Она оглядывается по сторонам. Баня пустеет; большинство народу уже разошлось. Только две женщины в бассейне, и одна, сидя на лавке, моется мочалкой. Ни крика, ни шума. Женская баня, а такая тишина! Словно кладбищенская. Где же те болтушки и хохотушки? Где сплетницы и юмористки? Где знаменитое женское злословие? Пересуды о мертвых и живых, о беременных и порожних? О том, чей муж неспособен, а чей деловит? Вон та луна четырнадцатой ночи, поднимающаяся из бассейна, кто она? А вон то солнышко ясное, чьи прекрасные локоны потеряли уже цвет и нуждаются в порции хны – из какого она квартала?..

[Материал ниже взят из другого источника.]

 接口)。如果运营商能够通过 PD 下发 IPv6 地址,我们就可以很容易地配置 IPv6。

Шахрбану выливает на себя несколько ковшиков чуть теплой воды и направляется к выходу из парной. Гардеробщица ловко выдает ее узелок, одновременно подавая банную простыню:
– С легким паром!
– Спасибо!
Шахрбану быстро вытирается. Надевает через голову свое цветастое ситцевое платье и застегивает на груди пуговички. Вся ее одежда – с пуговицами, чтобы удобнее было давать грудь малышу. Вдруг ее обжигает тревога: “У тебя дома четверо детей, а ты приплелась в баню – и чего тут рассиживаешься?”

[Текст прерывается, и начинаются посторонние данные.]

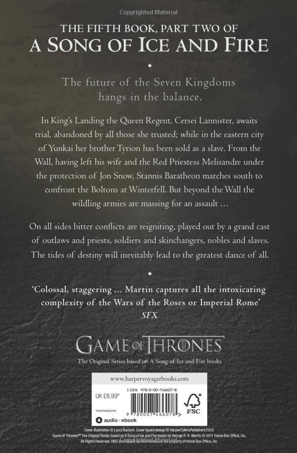 HBO's hit series A GAME OF THRONES is based on George R R Martin's internationally bestselling series A SONG OF ICE AND FIRE, the greatest fantasy epic of the modern age. A DANCE WITH DRAGONS: AFTER THE FEAST is the SECOND part of the fifth volume in the series. 'Vivid, rich, multi-layered and utterly addictive' Daily Express. The future of the Seven Kingdoms hangs in the balance. In King's Landing the Queen Regent, Cersei Lannister, awaits trial, abandoned by all those she trusted; while in the eastern city of Yunkai her brother Tyrion has been sold as a slave. From the Wall, having left his wife and the Red Priestess Melisandre under the protection of Jon Snow, Stannis Baratheon marches south to confront the Boltons at Winterfell. But beyond the Wall the wildling armies are massing for an all sides bitter conflicts are reigniting, played out by a grand cast of outlaws and priests, soldiers and skinchangers, nobles and slaves. The tides of destiny will inevitably lead to the greatest dance of all.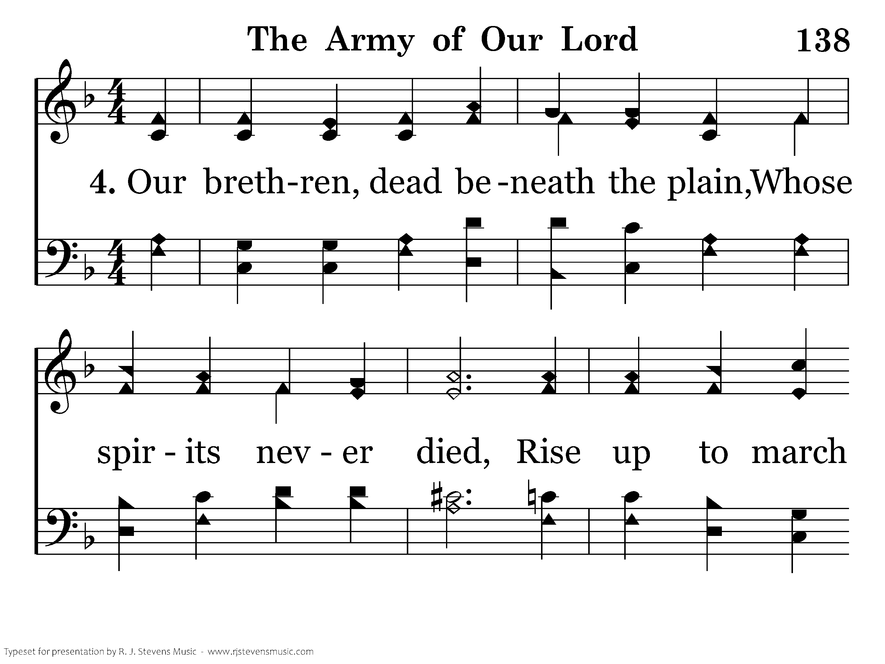 Our brethren, dead beneath the plain, Whose spirits never died, Rise up to march and shout again, "O Christ, be glorified!" "O Christ, be glorified!"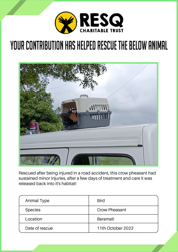 RESQ was founded in 2007 to provide emergency aid to animals in distress. Since then, the rescue and rehabilitation work of the organisation has provided aid to thousands of animals of over 200+ species, improved public health and safety outcomes, and actively worked on preventing human-animal conflict across multiple urban and rural ecosystems.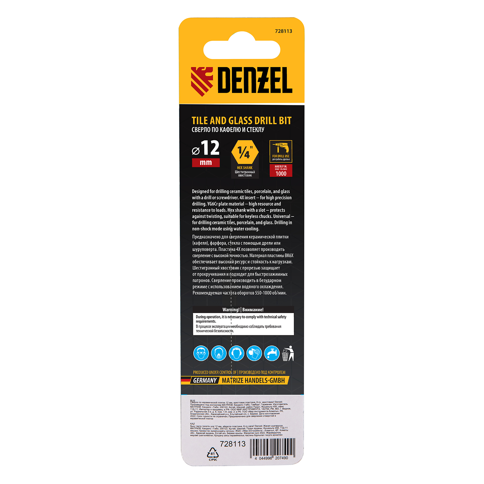 Сверло Denzel 728113 диаметром 12 мм, с крестовой пластиной и шестигранным хвостовиком, используется для сверления керамической плитки, стекла и других материалов с помощью дрели или шуруповерта. Четырехкромочная режущая пластина обеспечивает высокую скорость засверливания. Оснастка выдерживает высокие нагрузки и подходит для интенсивного профессионального использования.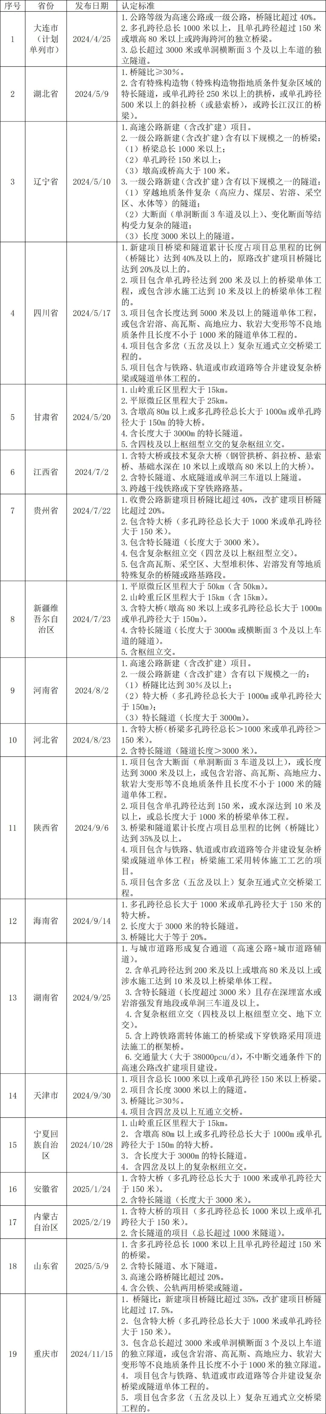 編者按:2023年11月,《關(guān)于規(guī)范實施政府和社會資本合作新機制的指導(dǎo)意見》(國辦函〔2023〕115號)發(fā)布,投資規(guī)模大、建設(shè)難度高的收費公路等項目被列為“積極創(chuàng)造條件、支持民營企業(yè)參與”的項目,不強制要求民營企業(yè)在PPP項目公司具體持股比例。除此類項目外,其他收費公路項目需滿足“民營企業(yè)股權(quán)占比原則上不低于35%”。PPP新機制發(fā)布近兩年來,各地陸續(xù)出臺對“投資規(guī)模大、建設(shè)難度高”收費公路項目量化認(rèn)定標(biāo)準(zhǔn)。本研究系統(tǒng)梳理截至2025年9月底全國各地已正式發(fā)布的全部官方標(biāo)準(zhǔn),基于投資規(guī)模與建設(shè)難度兩個維度開展比較分析。各地出臺的認(rèn)定標(biāo)準(zhǔn)是PPP新機制下地方政府精細(xì)化、差異化治理的具體實踐,為市場主體提供了投資指引,同時成為觀察區(qū)域基建重點與政策導(dǎo)向的重要窗口。本文是PPP新機制觀察系列研究:收費公路“投資規(guī)模大、建設(shè)難度高”認(rèn)定標(biāo)準(zhǔn)的第二部分,分析“建設(shè)難度高”的具體界定標(biāo)準(zhǔn)以及闡述“投資規(guī)模大”與“建設(shè)難度高”綜合認(rèn)定標(biāo)準(zhǔn),供業(yè)界同仁參考。 “PPP新機制觀察”系列研究 收費公路“建設(shè)難度高”認(rèn)定標(biāo)準(zhǔn) 郭艷鑫 張雪飛 伍迪 摘要:本研究系統(tǒng)梳理截至2025年9月底全國各地已正式發(fā)布的“投資規(guī)模大、建設(shè)難度高”收費公路項目認(rèn)定標(biāo)準(zhǔn),研究發(fā)現(xiàn),在“建設(shè)難度高”方面,許多地方的認(rèn)定標(biāo)準(zhǔn)充分參考了國家有關(guān)規(guī)范,也深度融合了地域特征,如西南地區(qū)強調(diào)橋隧比,西北地區(qū)側(cè)重山嶺重丘區(qū)里程等,本文為理解地方PPP治理邏輯、區(qū)域差異及政策協(xié)同提供了實踐依據(jù)。 關(guān)鍵詞:PPP;特許經(jīng)營;新機制;收費公路;投資規(guī)模大;建設(shè)難度高;認(rèn)定標(biāo)準(zhǔn);區(qū)域差異 2023年11月,國務(wù)院辦公廳轉(zhuǎn)發(fā)國家發(fā)展改革委、財政部《關(guān)于規(guī)范實施政府和社會資本合作新機制的指導(dǎo)意見》(國辦函〔2023〕115號,以下簡稱《指導(dǎo)意見》),標(biāo)志著我國政府和社會資本合作(PPP)事業(yè)邁入全新發(fā)展階段。PPP新機制明確三大核心導(dǎo)向,即社會資本優(yōu)先選擇民營企業(yè)、回報機制聚焦使用者付費、實施模式全部采用特許經(jīng)營。其中,最大程度鼓勵民營企業(yè)參與,既是貫徹落實黨中央、國務(wù)院決策部署的關(guān)鍵舉措,也是引導(dǎo)市場回歸PPP初衷本源、進一步調(diào)動民間投資積極性的重要抓手。 《指導(dǎo)意見》明確,“最大程度鼓勵民營企業(yè)參與政府和社會資本合作新建(含改擴建)項目”,這一要求既契合我國引入PPP模式的初衷,也順應(yīng)了當(dāng)前激發(fā)民間資本投資活力的客觀需求。同時,考慮到國有企業(yè)是我國市場主體的重要組成部分,《指導(dǎo)意見》并未對國有企業(yè)參與PPP項目采取“一刀切”式禁止,而是制定了《支持民營企業(yè)參與的特許經(jīng)營新建(含改擴建)項目清單(2023年版)》(以下簡稱《清單》)。該《清單》依據(jù)市場化程度、公共屬性強弱、是否具備自然壟斷性等特征,對新建(含改擴建)項目進行分類設(shè)置民營企業(yè)參與要求,將“屬于市場的還給市場”,充分體現(xiàn)新機制在兼顧PPP項目公益性的同時、最大化釋放市場效率的政策導(dǎo)向。具體而言,市場化程度較高、公共屬性較弱的項目,應(yīng)由民營企業(yè)獨資或控股;關(guān)系國計民生、公共屬性較強的項目,民營企業(yè)股權(quán)占比原則上不低于35%;少數(shù)涉及國家安全、公共屬性強且具備自然壟斷屬性的項目,需積極創(chuàng)造條件支持民營企業(yè)參與。 值得關(guān)注的是,《清單》對收費公路項目的分類較為特殊:不符合“投資規(guī)模大、建設(shè)難度高”情形的收費公路項目,歸為“關(guān)系國計民生、公共屬性較強”的第二類項目,民營企業(yè)股權(quán)占比原則上不低于35%;“投資規(guī)模大、建設(shè)難度高”的收費公路等項目,則歸為第三類項目,需通過積極創(chuàng)造條件支持民營企業(yè)參與,但未強制要求民營企業(yè)參股比例。 為明確“投資規(guī)模大、建設(shè)難度高”的認(rèn)定邊界,部分地區(qū)陸續(xù)公開發(fā)布收費公路項目量化認(rèn)定細(xì)則。截至2025年9月底,全國已有19個省級行政區(qū)和計劃單列市出臺了收費公路“投資規(guī)模大、建設(shè)難度高”認(rèn)定標(biāo)準(zhǔn)(以下簡稱認(rèn)定標(biāo)準(zhǔn)),不同區(qū)域標(biāo)準(zhǔn)既存在差異也具備共性。本文聚焦各地出臺的相關(guān)認(rèn)定標(biāo)準(zhǔn)開展研究,并重點關(guān)注“建設(shè)難度高”維度的指標(biāo),形成若干思考,旨在為業(yè)界提供參考借鑒。 一、“建設(shè)難度高”認(rèn)定標(biāo)準(zhǔn) (一)基本信息 整體來看,在“建設(shè)難度高”的認(rèn)定上,各地采用的建設(shè)難度指標(biāo)可歸納為八大類:特大橋、特長隧道、橋隧比、復(fù)雜地質(zhì)條件、山嶺重丘區(qū)里程、特殊工程結(jié)構(gòu)、復(fù)雜樞紐立交、高

Груди заболели. На голову накинула чадру. Заплатила за баню и вышла на улицу: из тьмы на свет, от тоски и тревоги – к беспокойству и страху.

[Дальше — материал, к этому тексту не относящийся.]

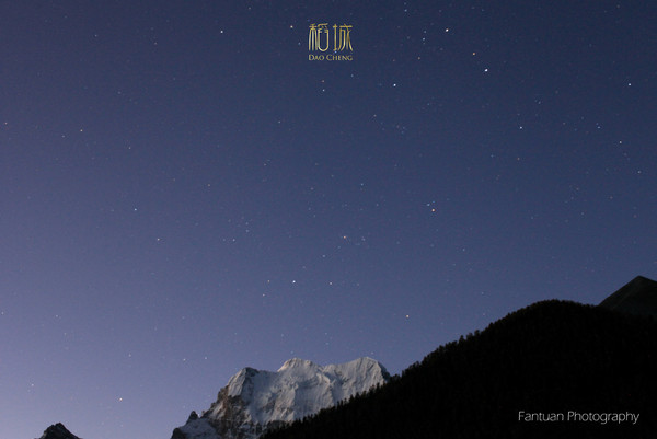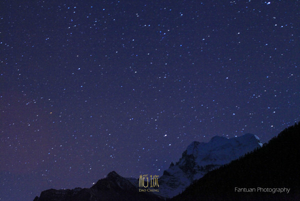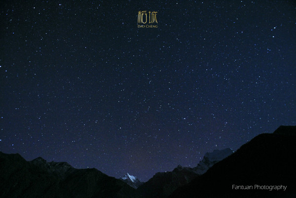 早上起床后,看见对面还是繁星点点,果断拿起相机爆了一张。清晨夏诺多吉这边大多数处于明暗交界,阳光从山的一头射进来,显得整个山体积感超强。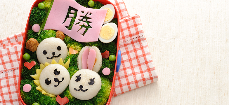 ママの応援のメッセージをお弁当に!お子様の運動会や発表会など様々な行事に、応援の思いを込めて「勝」のメッセージが印象的なかまぼこのお弁当です。「勝」の旗やくまさん、うさぎさんに使われているかまぼこは、栄養豊富で筋肉の疲労回復にもぴったりの食品。お子様を応援するお弁当におすすめです。

Лицо она прикрыла рукой, чтобы чужие взгляды не падали на ее раскрасневшиеся щеки. Так волновалась, что забыла: платок-чадра и так уже прикрывает ее. Жестокий холод залезает под чадру и ворует банное тепло. Шепча “бисмилля”, она миновала разрушенное водохранилище и направилась к проспекту. Вот в сторону площади идут строители и разнорабочие. Вот из переулка вывернул старик: это садовник, и с кушака его свисает длинное лезвие косы. Шахрбану знает его, он – родственник ее мужа Кербелаи. Она с достоинством здоровается с ним, не отрывая глаз от земли. Ей стыдно, что она вся горит румянцем.
– …О Кербелаи что слышно?
– Прислал письмо из столицы. Передает привет и обещает к празднику быть.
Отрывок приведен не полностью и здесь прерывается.